In general, in a deep convolutional neural network, several layers are stacked and are trained to the task at hand. The network learns several low/mid/high level features at the end of its layers. In residual learning, instead of trying to learn some features, we try to learn some residual. Residual can be simply understood as subtraction of feature learned from input of that layer. ResNet does this using shortcut connections (directly connecting input of nth layer to some (n+x)th layer. It has proved that training this form of networks is easier than training simple deep convolutional neural networks and also the problem of degrading accuracy is resolved." Writen By Kartik Ordugo, https://www.quora.com/What-is-the-deep-neural-network-known-as-%E2%80%9CResNet-50%E2%80%9D

ResNets take activations from one layer and feed it into another layer much deeper in the network.
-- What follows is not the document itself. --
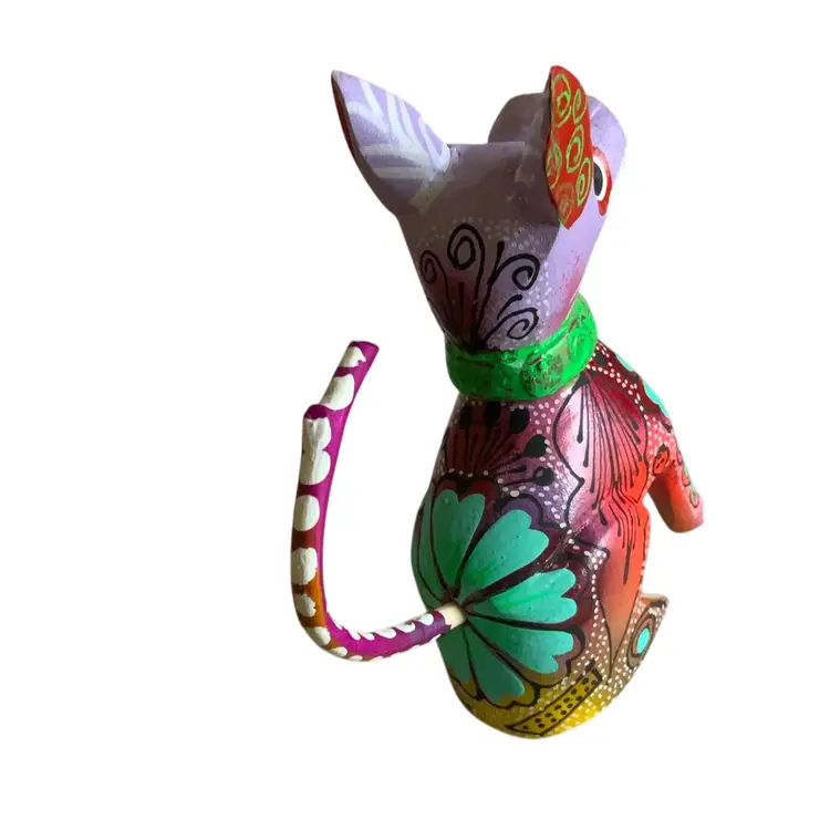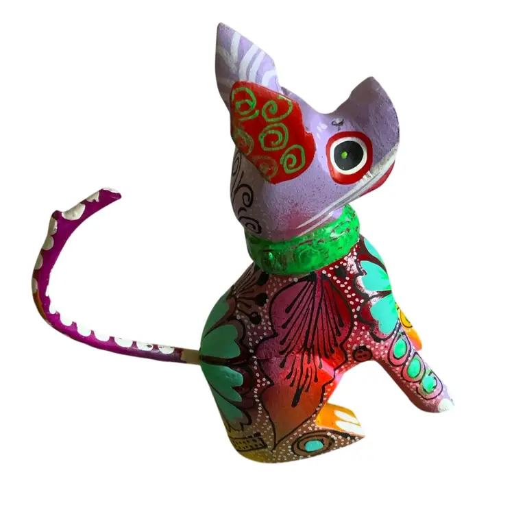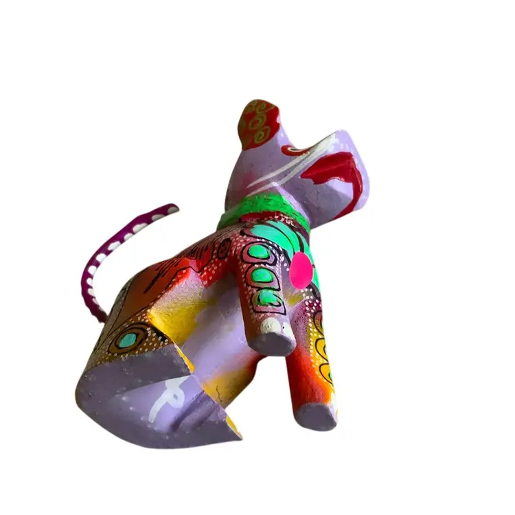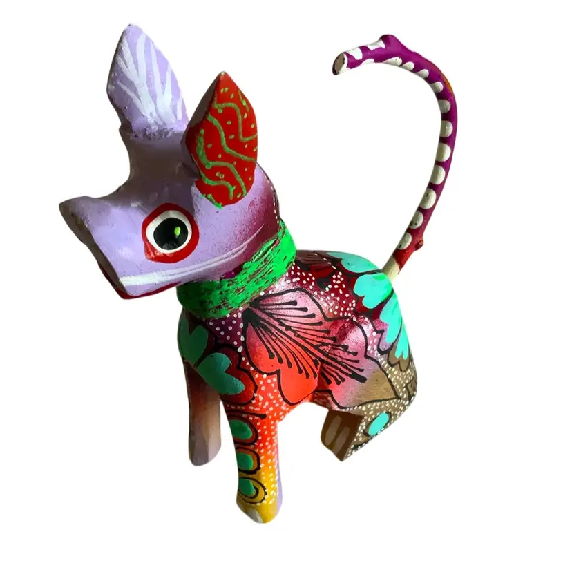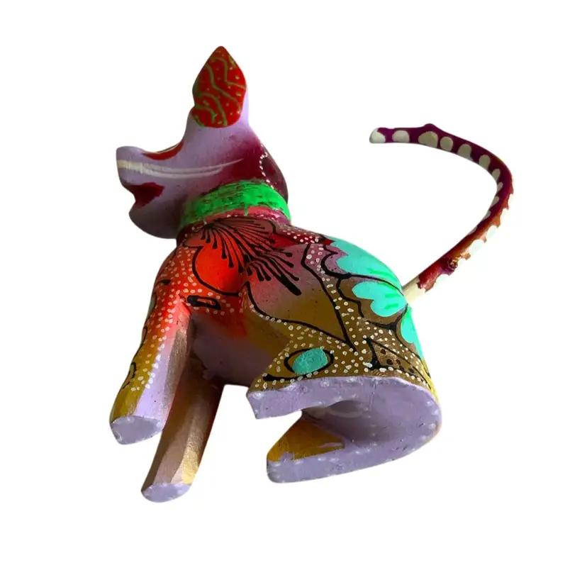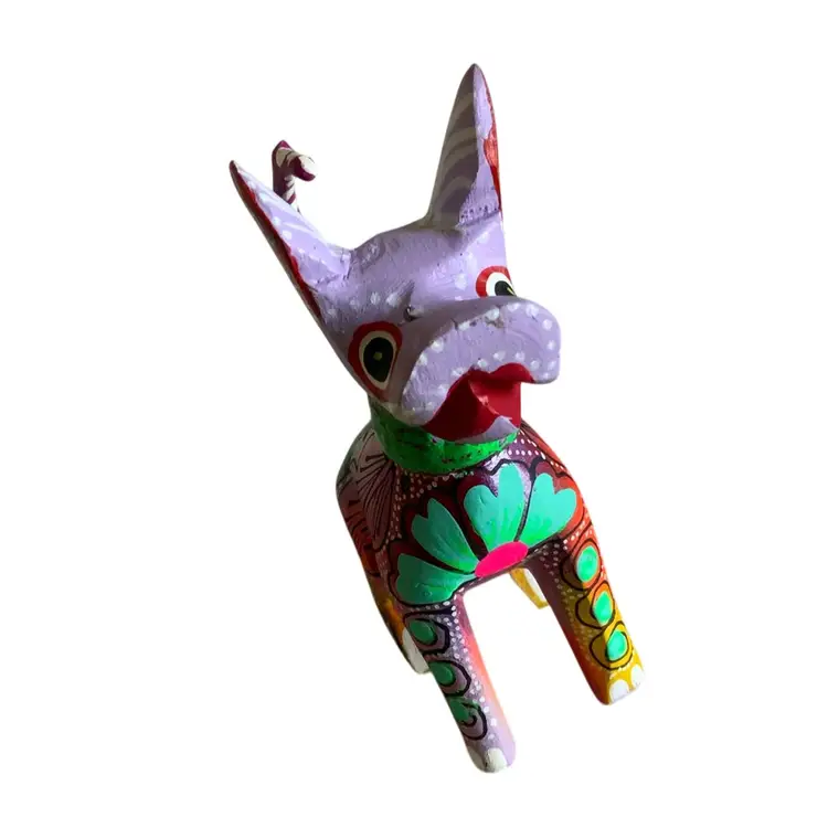 This is an Alebrije, a brightly colored Mexican folk art sculpture, specifically a coyote. Alebrijes are often made of wood and hand-painted with intricate patterns and vibrant colors. They represent fantastical creatures or animals and are considered to be spirit guides or protectors. 4β by 3.75β I make these critters and feel like I am not done. I reserve the right to add additional decoration. 4.5" by 3"

This is called "Skip connections". they work because the identity function is easy for residual blocks to learn, as the same input is used and transferred into a deeper layer and in the case that the weights/bias fails to change the input (by applying weight/bias decay), the relu goes back to the skipped input. Thereby learning the identity function.

* Deep Residual Learning for Image Recognition by He et al.
    - https://arxiv.org/abs/1512.03385
* Identity Mappings in Deep Residual Networks by He et al.
    - https://arxiv.org/abs/1603.05027
* Youtube videos explaining Residual Networks by Andrew Ng
    - ResNets https://www.youtube.com/watch?time_continue=1&v=K0uoBKBQ1gA
    - Why ResNets work? https://www.youtube.com/watch?v=GSsKdtoatm8
    - Network in Network architecture https://www.youtube.com/watch?v=9EZVpLTPGz8

###### Below is an image of a residual module (Left) next to an updated residual module (Right) that uses pre-activation.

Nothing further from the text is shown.